Por Daniel Giovanaz.
A Comissão de Trabalho, de Administração e Serviço Público da Câmara dos Deputados deve analisar nesta terça-feira (30) o Projeto de Lei (PL) nº 2636/2011, que altera os requisitos para trabalhadores de ambientes artificialmente frios acessarem o direito à “pausa térmica” de 20 minutos.
O PL nº 2636/2011 estabelece o teto de 4ºC para as atividades em câmara frigorífica, o que, segundo estimativa do Ministério Público do Trabalho (MPT), retiraria o direito à pausa térmica de 95% dos trabalhadores do setor.
Esse intervalo é previsto na legislação brasileira desde 1943, para assegurar que o organismo dos operários se recupere da exposição ao frio intenso, prevenindo doenças ocupacionais.
Conforme o artigo 253 da Consolidação das Leis do Trabalho (CLT), esse direito é assegurado a profissionais que trabalham no interior das câmaras frigoríficas e àqueles que movimentam mercadorias “do ambiente quente ou normal para o frio e vice-versa”, depois de 1h40 de trabalho contínuo.

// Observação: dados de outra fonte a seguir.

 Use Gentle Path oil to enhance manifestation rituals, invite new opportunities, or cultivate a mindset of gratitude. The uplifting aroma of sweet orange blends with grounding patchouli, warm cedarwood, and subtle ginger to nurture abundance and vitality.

O projeto, de autoria do ex-deputado Silvio Costa (PTB-PE), é apoiado há oito anos por entidades empresariais como a União Brasileira de Avicultura (Ubabef), a Associação Brasileira das Indústrias Exportadoras de Carne (Abiec) e a Associação Brasileira da Indústria Produtora e Exportadora de Carne Suína (Abipecs).
A mudança proposta
O conceito de artificialmente frio, na CLT, varia conforme as zonas climáticas do extinto Ministério do Trabalho. Dependendo da região do país, temperaturas inferiores a 15ºC já se enquadram nessa categoria. Em outras zonas, o limite máximo para aplicação das regras é 10ºC.

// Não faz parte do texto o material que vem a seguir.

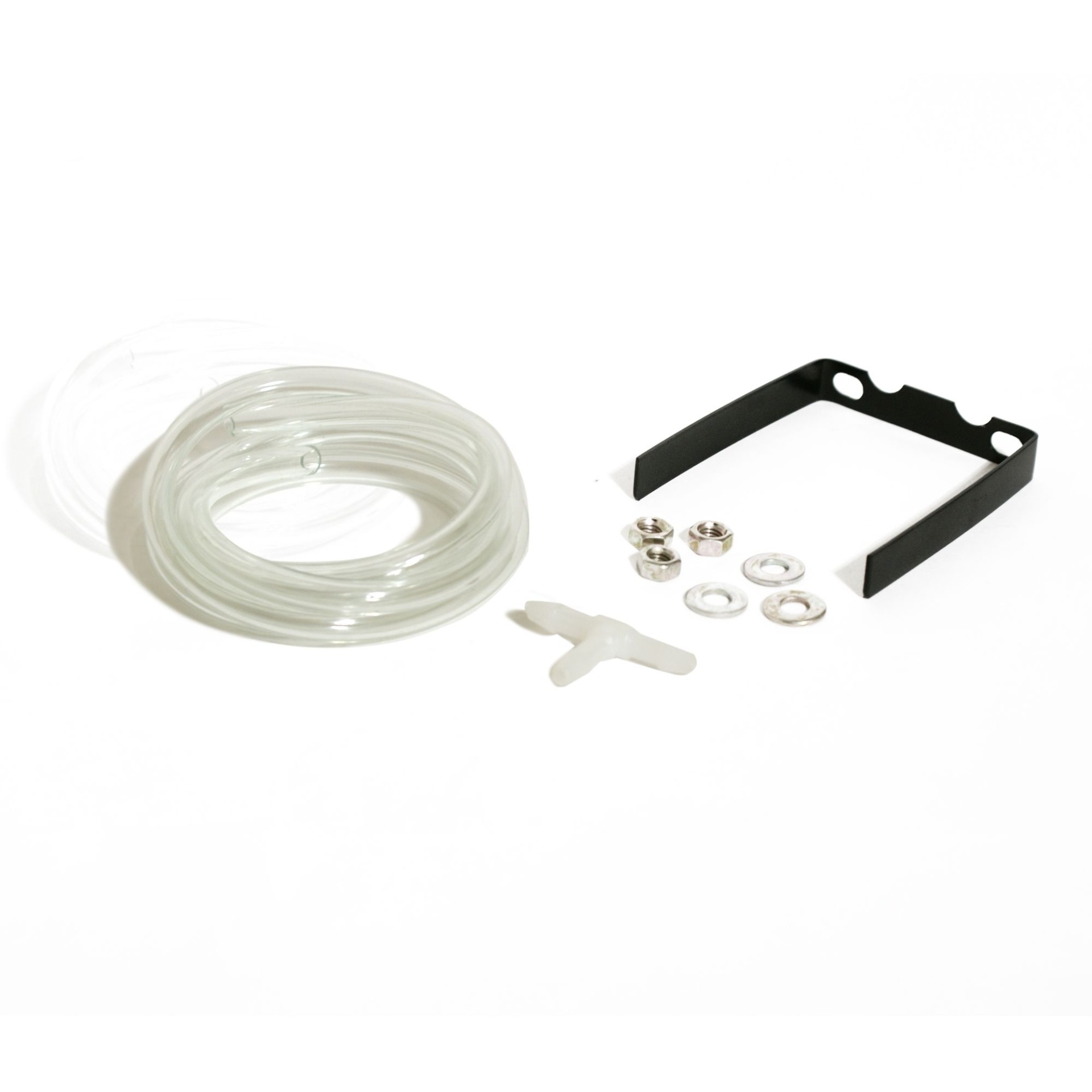 Conjunto de tubo transparente, peça em T branca, arruelas metálicas e estrutura metálica preta

O alerta sobre o PL nº 2636/2011 está presente em uma nota técnica assinada no último dia 22 pelos procuradores Priscila Dibi Schvarcz, Sandro Eduardo Sardá e Lincoln Roberto Nobrega Cordeiro, gerentes do Projeto Nacional de Frigoríficos do MPT, e por Márcia Kamei Lopez Aliaga e Luciano Lima Leivas, da Coordenadoria Nacional de Defesa do Meio Ambiente de Trabalho.
“Nos frigoríficos de aves, bovinos e suínos, dentre outros, somente os setores de expedição e paletização apresentam temperaturas iguais ou inferiores a 4ºC e contam com trabalhadores que movimentam mercadorias, setores que não chegam a empregar 5% do total de empregados em uma planta frigorífica”, diz o texto.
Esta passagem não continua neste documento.